© Tim Calver (www.timcalver.com)
Zuccarini encounters a humpback whale while shooting Oceans in French Polynesia.
Growing up on the beaches off Key Biscayne,
Florida, Peter Zuccarini ’88 purchased his first underwater camera when
he was eleven so he could film his friends’ spear-fishing adventures.
Still swimming and shooting thirty years later, Zuccarini is about to
make his biggest splash yet as the underwater cinematographer for
Johnny Depp and Keira Knightley’s deep-sea sequel Pirates of the Caribbean: Dead Man’s Chest, which opens July 7.
“In Pirates, my role is mostly using the
camera to look at things as they move in and out of the water so
there’s a seamless transition,” Zuccarini said in a phone interview
from Miami, where he lives with his wife and year-old twin sons. “For
the last year, I’ve been filming right at that interface where water
meets air.”
In this, his second Pirates movie,
Zuccarini’s handiwork includes a sequence in which Kraken, a giant
squidlike sea monster, rises out of the deep to demolish a hapless
clipper ship. While the fantastical creature was created in a visual
effects studio, Zuccarini was in real danger while shooting the movie’s
tumultuous opening scene. The plot calls for Depp’s Captain Jack
Sparrow to escape from a cliffside prison in a coffin that’s swept out
to sea by thunderous surf. Director Gore Verbinski and cinematographer
Dariusz Wolski wanted the real thing and dispatched Zuccarini to St.

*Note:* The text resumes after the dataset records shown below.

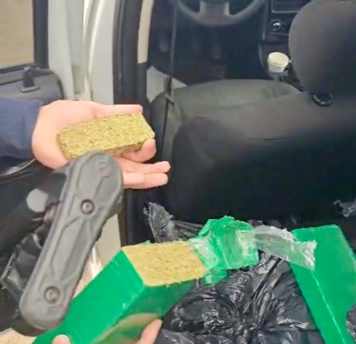 No banco traseiro, os agentes encontraram dois sacos pretos contendo 20 quilos de maconha divididos em tabletes.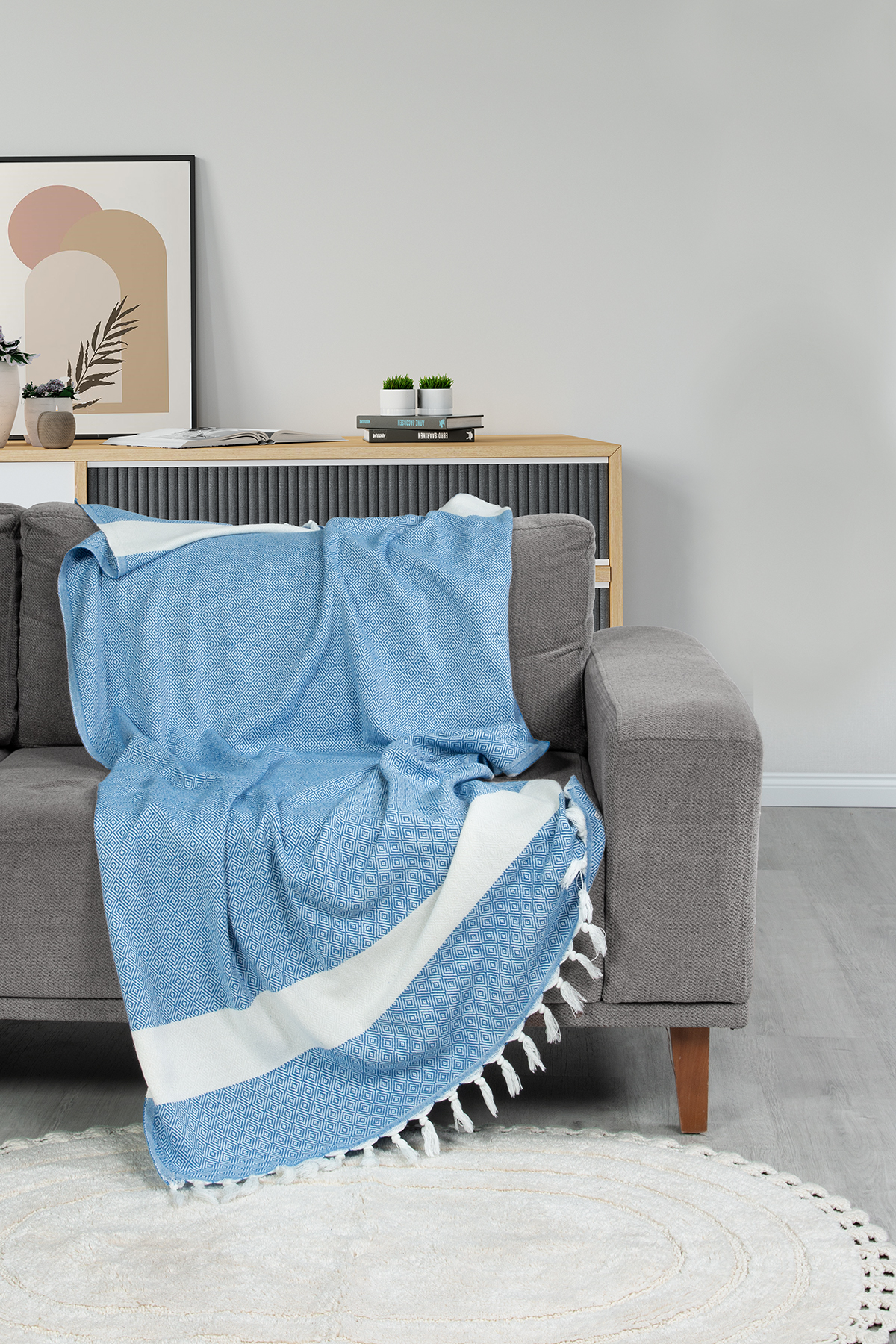Wszechstronny ręcznik ELMAS wykonany w 100% z bawełny. Jego imponujący rozmiar 70x190 cm sprawia, że idealnie sprawdzi się jako stylowa narzuta na leżak, piknikowy koc, a nawet jako designerska dekoracja Twojego wnętrza.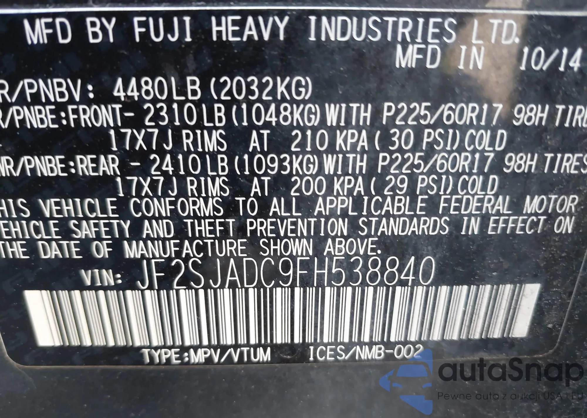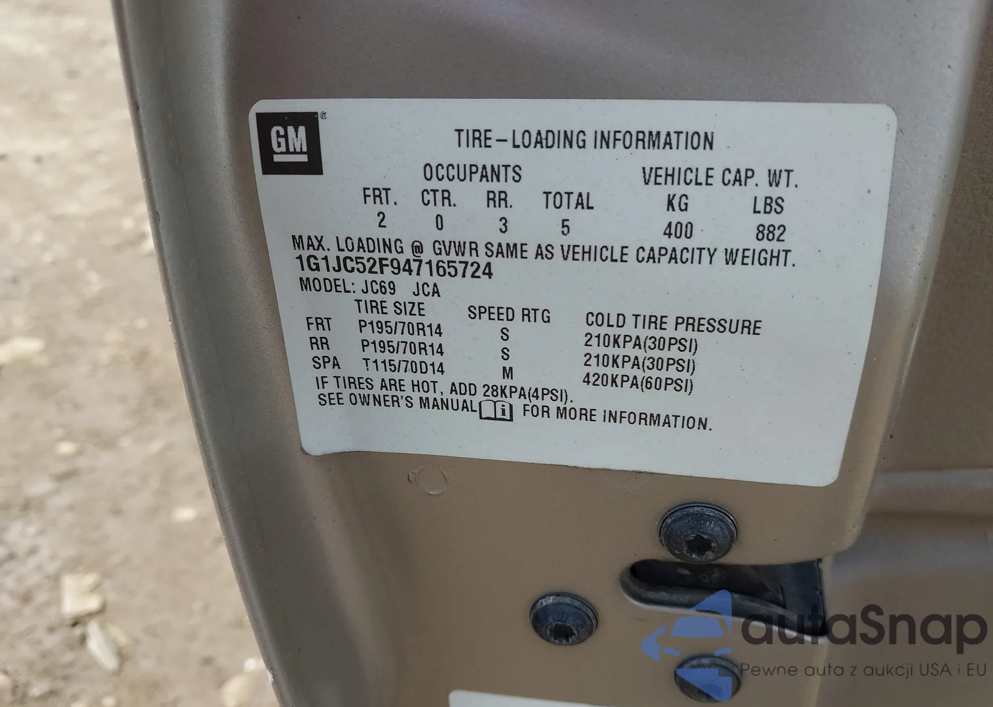 • VIN KL79MPS2XPB112450

Vincent, in the Caribbean. There, on the island’s rocky eastern coast,
the cinematographer faced brutal winds gusting in from the Atlantic
Ocean.
© Tim Calver (www.timcalver.com)
Peter Zuccarini
“I walked down to the cliffs with these
twenty-foot waves crashing into them and literally started laughing, it
was so crazy,” Zuccarini recalls. “But they’d flown me all the way
there because I’m the person who can figure out how to get an angle
from the water without getting sucked out to sea.” He didn’t want to
chicken out. In the end, he says, “We actually got some pretty cool
shots with the waves frothing all the way up to the top of the cliff.”
Over the years, Zuccarini has filmed close-ups of
alligators, whales, and sharks—all without injury. But an ill-fated
Discovery Channel project resulted in a shark-bites-man incident that
the network airs on its annual “Shark Week” special. “I have the
dubious distinction of filming the only shot ever of a person being bit
underwater by a shark,” Zuccarini notes. “A researcher who was standing
in waist-deep water actually had his calf bitten off eighteen inches
from my lenses while I was filming him. That was the last shark film I
worked on for the Discovery Channel.”
Since completing Dead Man’s Chest, Zuccarini has been shooting a Coldplay music video and a new TV series called Aqua Man. He’ll film the third installment of Pirates in the fall.
“I’m actually more comfortable in the water than
not,” he says. “You hear about Eskimos having fifteen names for
snowflakes? Well, when you spend a lot of time in the water, you notice
all kinds of qualities. Algae makes this beautiful green, and tannic
water from the swamp creates beautiful shafts of light, and there’s
crystal-clear Bahamian water and pristine water from the springs when
we shoot in Florida. I’m just an addict and connoisseur of all things
water.”
Hugh Hart writes about the entertainment industry in Hollywood.